10. The Reverse Battle Royal
Back in the dim and distant past, TNA had a creditable habit of subverting traditional wrestling tropes in an effort to differentiate themselves from WWE to casual fans that may stumble across their product.
That resulted in a host of brand new philosophies, divisions, titles and matches, will all had the potential to fall flat despite noble intentions. Such was the case with the utterly horrendous 'Fight For The Right' tournament.
Though nobody formally ever took credit for it, the idea smacked of Vince Russo's WCW booking policy of changing things just for the sake of it, especially if it meant violating the suspension of disbelief required for watching wrestling full stop.
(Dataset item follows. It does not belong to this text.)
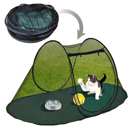 【Premium Langlebiges Material】Der Boden des faltbaren Haustierzeltes besteht aus hochwertigem Oxford-Gewebe, das wasserdicht und atmungsaktiv ist. Es verfügt auch über atmungsaktive Mesh-Einsätze, die eine hervorragende Belüftung bieten und gleichzeitig Ihre Haustiere sicher in der Nähe halten, so dass Sie Ihre Katze beim Spielen drinnen oder draußen genießen können! VIELSEITIGE VERWENDUNG - Geeignet für mehrere Haustiere, einschließlich Katzen, Hunde, Kätzchen, Welpen und Kaninchen, bietet es ihnen einen sicheren und bequemen Platz. Perfekt für den Innen- und Außenbereich, spendet Schatten für Outdoor-Aktivitäten und schützt Haustiere vor Mücken und anderen Sommerschädlingen. Es ist ideal für Haustiere zum Ausruhen und Nickerchen auf Balkonen, Terrassen, Veranden und Höfen. Praktischer Aufbau: schnelle und einfache Montage ohne Werkzeug. Einfach das Zelt aufklappen, damit es automatisch aufspringt. Öffnen Sie es zum Aufstellen und falten Sie es flach für einfache Lagerung, wenn Sie fertig sind. 【Tragbares Design】Enthält eine stabile Bodenmatte und einen geräumigen Innenraum mit Ein- und Ausstiegspunkten für einfachen Zugang. Pop-Up-Haustierzelt, das sich kompakt zusammenklappen lässt für einfache Lagerung und Transport. Kein Werkzeug erforderlich. 【Ideale Wahl】Der Hauptkörper besteht aus Netzgewebe, das Belüftung ermöglicht und Haustieren einen 360-Grad-Blick auf ihre Umgebung bietet. Das Netzgewebe ist robust genug, um intensiven Spielen standzuhalten. Dieses Katzenzelt ist eine großartige Alternative zu Katzenkäfigen, damit Ihr Haustier in Sichtweite bleibt, während es die frische Luft im Freien genießt.

The format was TNA at its convoluted worst. A group of wrestlers (usually 16 or 18) would start on the outside of the ring, and fight to get in. That was it. The problem, had it not been blindingly obvious, was how painfully easy that task was.
The resultant mess saw wrestlers punching, and kicking, and punching and kicking, and punching and kicking, trying to make stepping between the ropes look an arduous endeavour. The first half that got in, had another battle royal fought under traditional rules, until there were two left to compete in a regular one fall singles match.
Astonishingly, the Battle Royal only formed part of a bigger tournament, which made the result of this complete shambles largely redundant.